Whitaker's Words lexical data for LatinCy

These details have not been verified by PyPI

Project description

LatinCy Readers

LatinCy Lexicon

Whitaker's Words as LatinCy pipeline components for Latin NLP.

latincy-lexicon makes the lexical data and morphological analysis engine from Whitaker's Words available as spaCy pipeline components, designed for use with LatinCy language models.

Quick Start

import spacy

nlp = spacy.load("la_core_web_lg")
nlp.add_pipe("whitakers_words", config={
    "lexicon_path": "data/json/lexicon.json",
    "analyzer_path": "data/json/analyzer.json",
})
nlp.add_pipe("paradigm_generator", config={
    "analyzer_path": "data/json/analyzer.json",
})

doc = nlp("Poeta bonus carmina pulchra scribit.")

# Dictionary glosses
for token in doc:
    if token._.gloss:
        print(f"{token.text:12} {token._.gloss}")
# Poeta        poet
# bonus        good, honest, brave, noble, kind, pleasant, right
# carmina      song, poem
# pulchra      pretty, beautiful, handsome, noble, illustrious
# scribit      write

# Reinflection: change morphological features, get the right Latin form
scribit = doc[4]
print(scribit._.reinflect(Number="Plur"))    # scribunt
print(scribit._.reinflect(Tense="Imp"))      # scribebat
print(scribit._.reinflect(Voice="Pass"))     # scribitur

Features

whitakers_words — Single pipeline component providing dictionary glosses (token._.lexicon), rule-based morphological analysis (token._.ww), and short definitions (token._.gloss)
paradigm_generator — Generates complete inflectional paradigms for any lemma, with reinflection support (token._.paradigm, token._.reinflect)
Standalone Generator API — Produce all inflected forms for a lemma, or build form-to-lemma lookup tables, without requiring spaCy
POS-aware ranking — Uses upstream tagger/morphologizer output to rank ambiguous entries and parses
Multi-signal disambiguation — Scores candidates using lemma match, morphological features, dependency labels, NER context, and dictionary frequency

Installation

pip install latincy-lexicon

Or for development:

git clone https://github.com/latincy/latincy-lexicon.git
cd latincy-lexicon
uv venv && source .venv/bin/activate
uv pip install -e ".[dev,spacy]"

Data Setup

The Whitaker's Words data files are bundled in the package.

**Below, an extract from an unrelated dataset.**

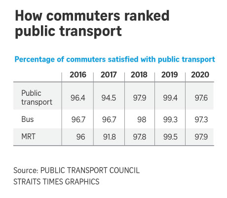 "Commuters continued to be satisfied with public transport in 2020... even though the proportion of commuters who gave a score of six and above dipped from 99.4 per cent in 2019 to 97.6 per cent in 2020," the PTC said.
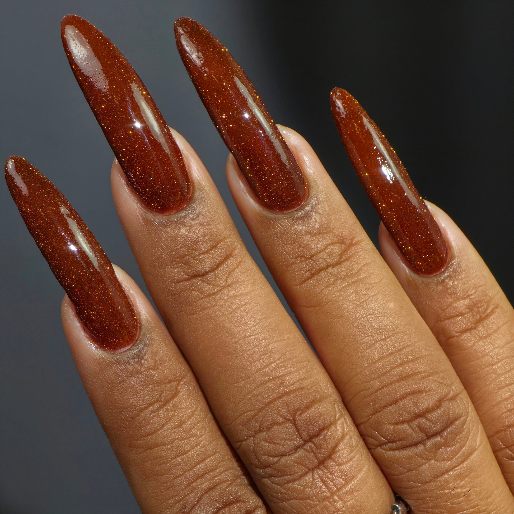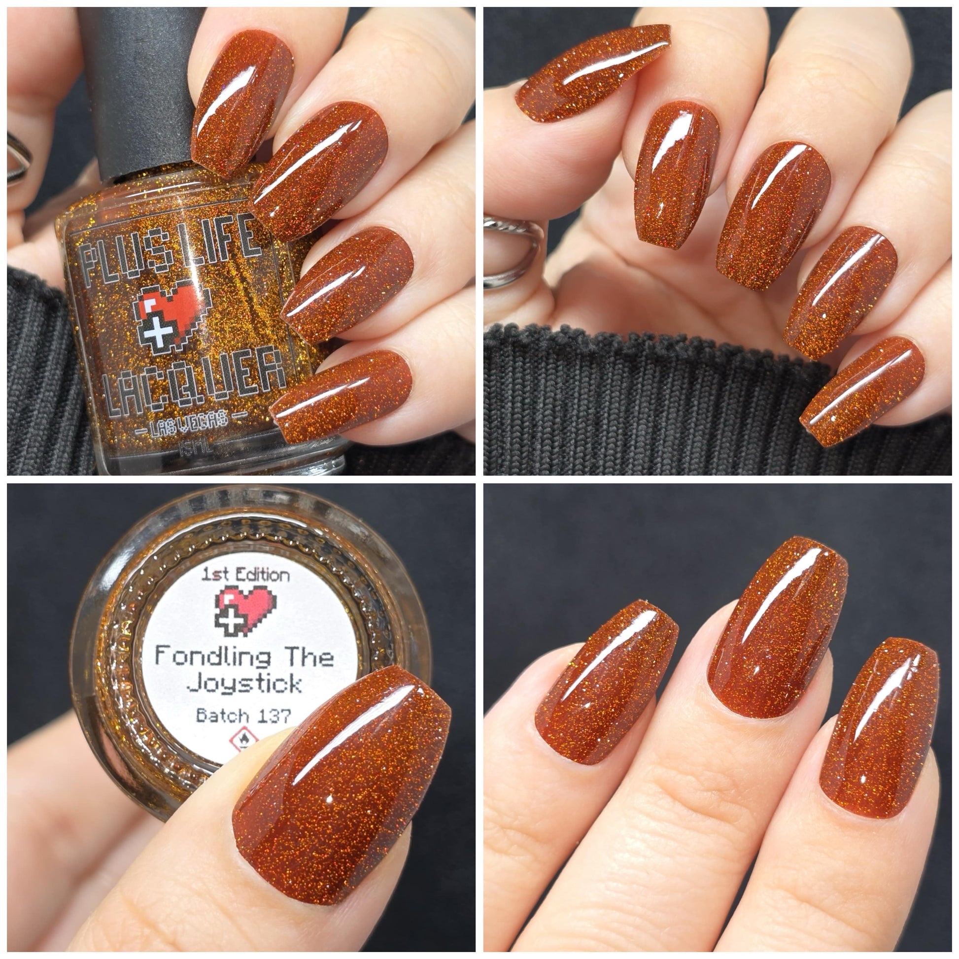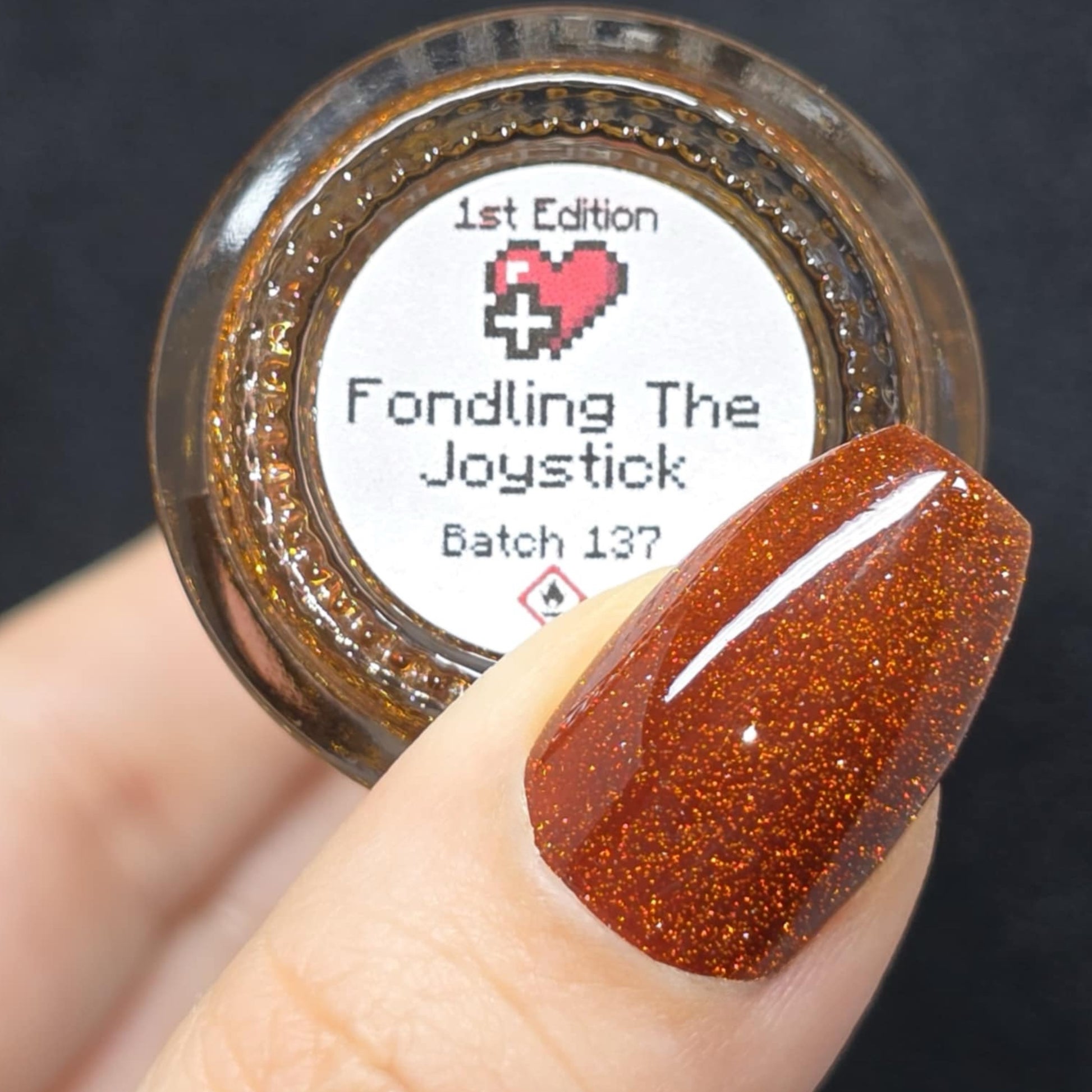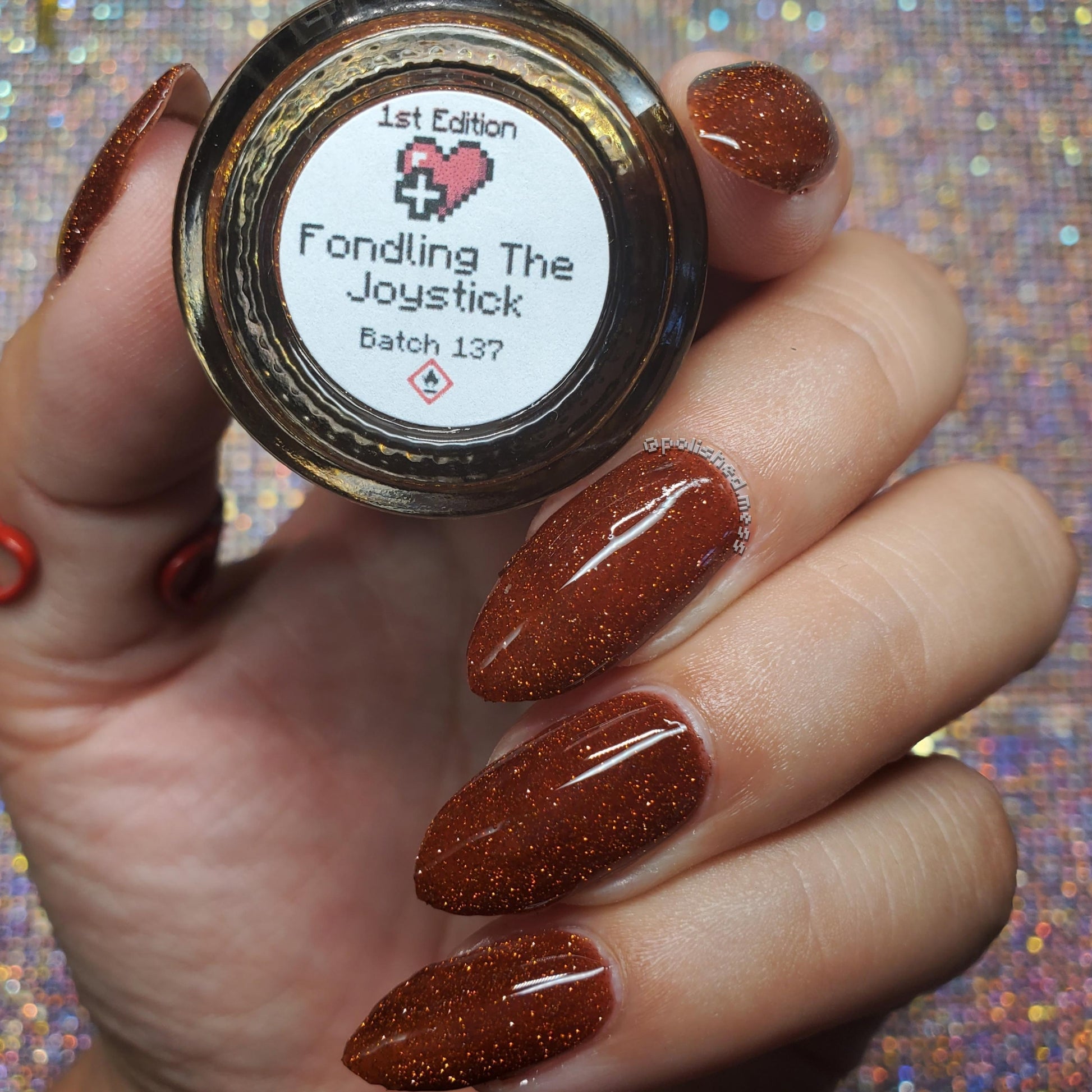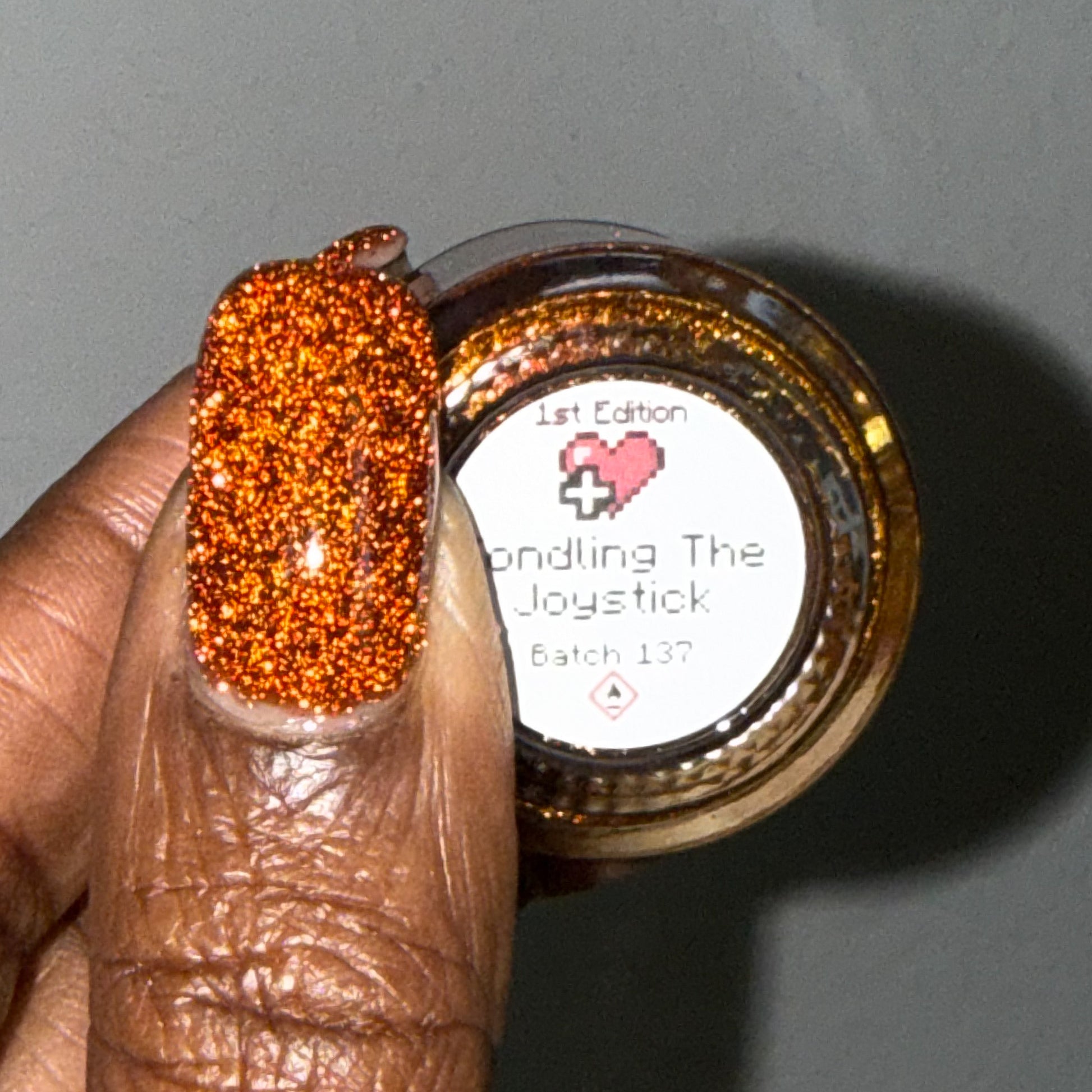 Fondling The Joystick is a burnt umber jelly with gold reflective glitter.

Build the JSON data files with a single command:

latincy-lexicon build

This parses the bundled DICTLINE, INFLECTS, UNIQUES, and ADDONS files, applies patches (sum/esse, pronoun endings), reconstructs headwords, and writes analyzer.json and lexicon.json to data/json/.

Usage

import spacy

nlp = spacy.load("la_core_web_lg")

# Add Whitaker's Words (lexicon + analyzer in one component)
nlp.add_pipe("whitakers_words", config={
    "lexicon_path": "data/json/lexicon.json",
    "analyzer_path": "data/json/analyzer.json",
})

doc = nlp("Gallia est omnis divisa in partes tres.")

for token in doc:
    print(f"{token.text:12} {token._.gloss}")

Pipeline Components

`whitakers_words`

A single component that provides three token extensions:

token._.lexicon — list of dictionary entries matching the token's lemma, with glosses, part of speech, principal parts, and age/frequency metadata
token._.ww — full morphological parse list from the Words stem+ending engine, ranked by POS match, morphological features, dependency labels, NER context, and frequency
token._.gloss — short definition from the top-ranked parse

Either data path is optional: pass only lexicon_path for dictionary lookups, only analyzer_path for morphological analysis, or both. Best results when placed after all LatinCy pipeline components.

`paradigm_generator`

Generates complete inflectional paradigms for Latin words. The inverse of the analyzer: given a lemma, it produces all inflected forms with UD morphological features.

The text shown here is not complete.